I think something like this could be added to FATE with an explicit
time_base and not (where one example would split and another would
not).

Best regards,
Jan
diff mbox

Patch

diff --git a/libavformat/movenc.c b/libavformat/movenc.c
index edddfeeb00..aeb7de351f 100644
--- a/libavformat/movenc.c
+++ b/libavformat/movenc.c
@@ -5746,7 +5746,8 @@  static int mov_write_packet(AVFormatContext *s, AVPacket *pkt)
          *
          * 2) For each subtitle track, check if the current packet's
          * dts is past the duration of the last subtitle sample.

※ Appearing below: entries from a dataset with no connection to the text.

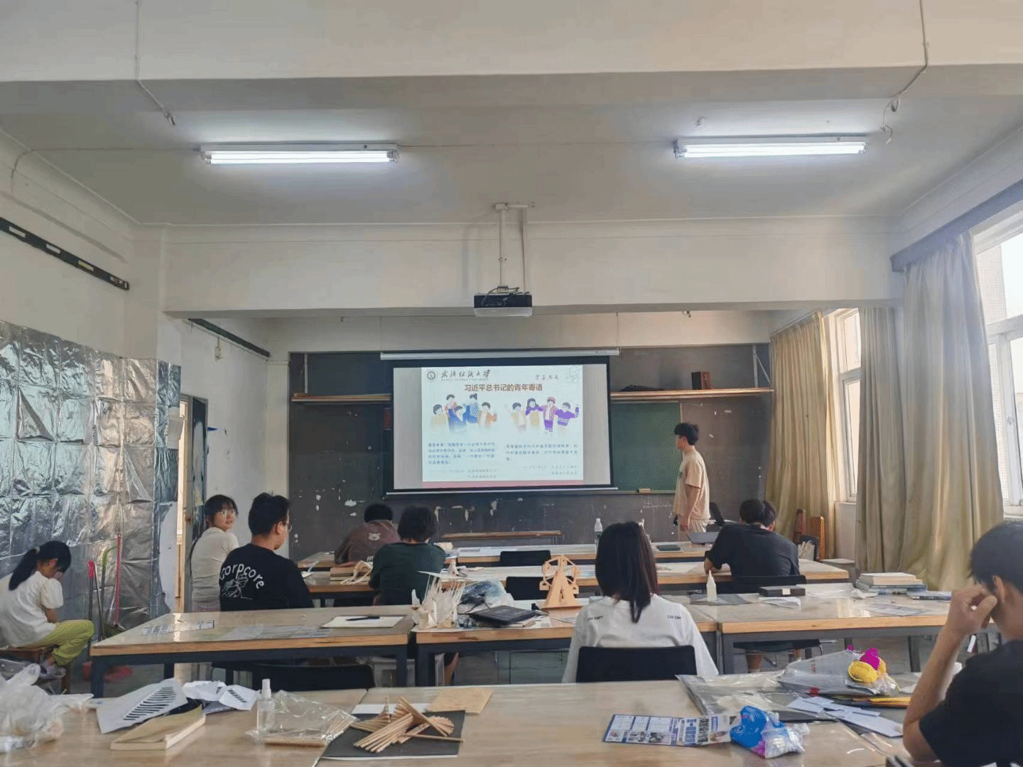 班会伊始,各班团支书向我们讲述了榜样力量的主题,向同学们介绍优秀学生代表的学习经验、科研心得与成长故事。从如何制定合理的学习计划,到怎样高效掌握专业课程知识,以朋辈间的交流方式,为同学们提供了可借鉴的成长路径与学习方法,激发大家的学习热情与进取精神,构建起互帮互助、携手共进的良好氛围。
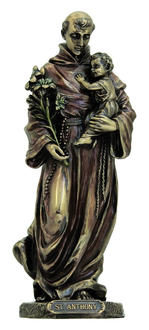 St. Anthony & Child, lightly hand-painted cold cast bronze, 8" STOCK
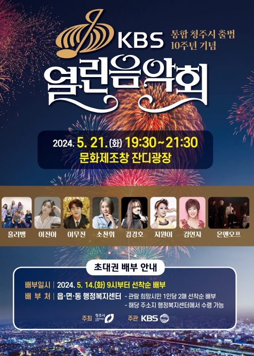 ‘통합 청주시 출범 10주년 기념 KBS 열린음악회’에는 가수 김연자, 소찬휘, 김경호, 이무진, 홀리뱅, 이진아, 지원이, 온앤오프가 출연해 전 세대가 즐길 수 있는 다양한 공연을 선사한다.
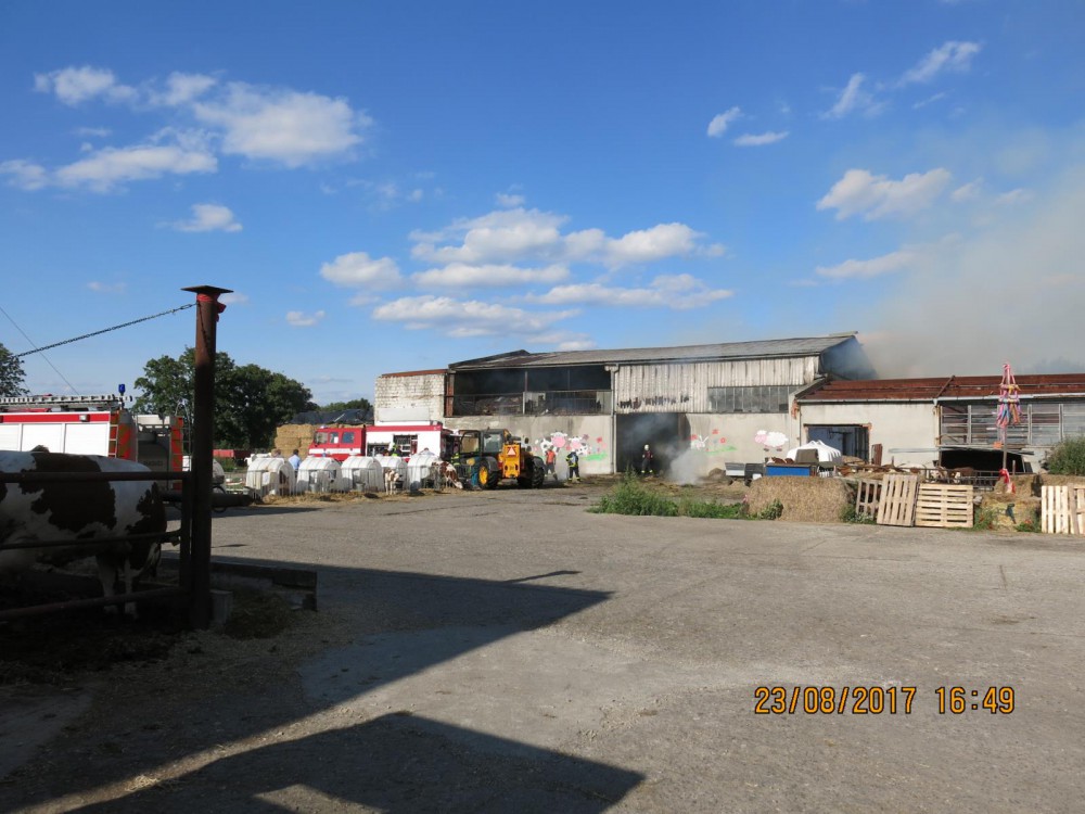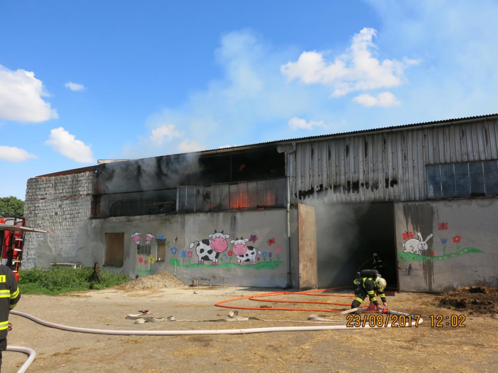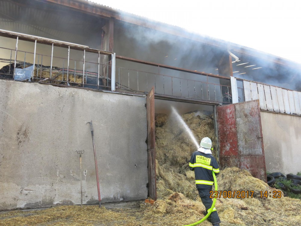 VIDEO: Hasiči už druhý den zasahují u požáru skladu slámy. Došlo k němu při svařování

If
-         * so, we now need to write an end sample for that subtitle.
+         * so, we now need to write one or multiple end samples for
+         * that subtitle.
          *
          * This must be done conditionally to allow for subtitles that
          * immediately replace each other, in which case an end sample
@@ -5760,11 +5761,22 @@  static int mov_write_packet(AVFormatContext *s, AVPacket *pkt)
             int ret;
 
             if (trk->par->codec_id == AV_CODEC_ID_MOV_TEXT &&
-                trk->track_duration < pkt->dts &&
-                (trk->entry == 0 || !trk->last_sample_is_subtitle_end)) {
-                ret = mov_write_subtitle_end_packet(s, i, trk->track_duration);
-                if (ret < 0) return ret;
-                trk->last_sample_is_subtitle_end = 1;
+                trk->track_duration < pkt->dts) {
+                int max_duration = INT_MAX - 1;
+                if (trk->entry == 0 || !trk->last_sample_is_subtitle_end) {
+                    ret = mov_write_subtitle_end_packet(s, i, trk->track_duration);
+                    if (ret < 0) return ret;
+                    trk->last_sample_is_subtitle_end = 1;
+                }
+                if (trk->last_sample_is_subtitle_end &&
+                    pkt->dts - trk->track_duration > max_duration) {
+                    int64_t dts = trk->track_duration;
+                    while(pkt->dts - dts > max_duration) {
+                        dts += max_duration;
+                        ret = mov_write_subtitle_end_packet(s, i, dts);
+                        if (ret < 0) return ret;
+                    }
+                }
             }
         }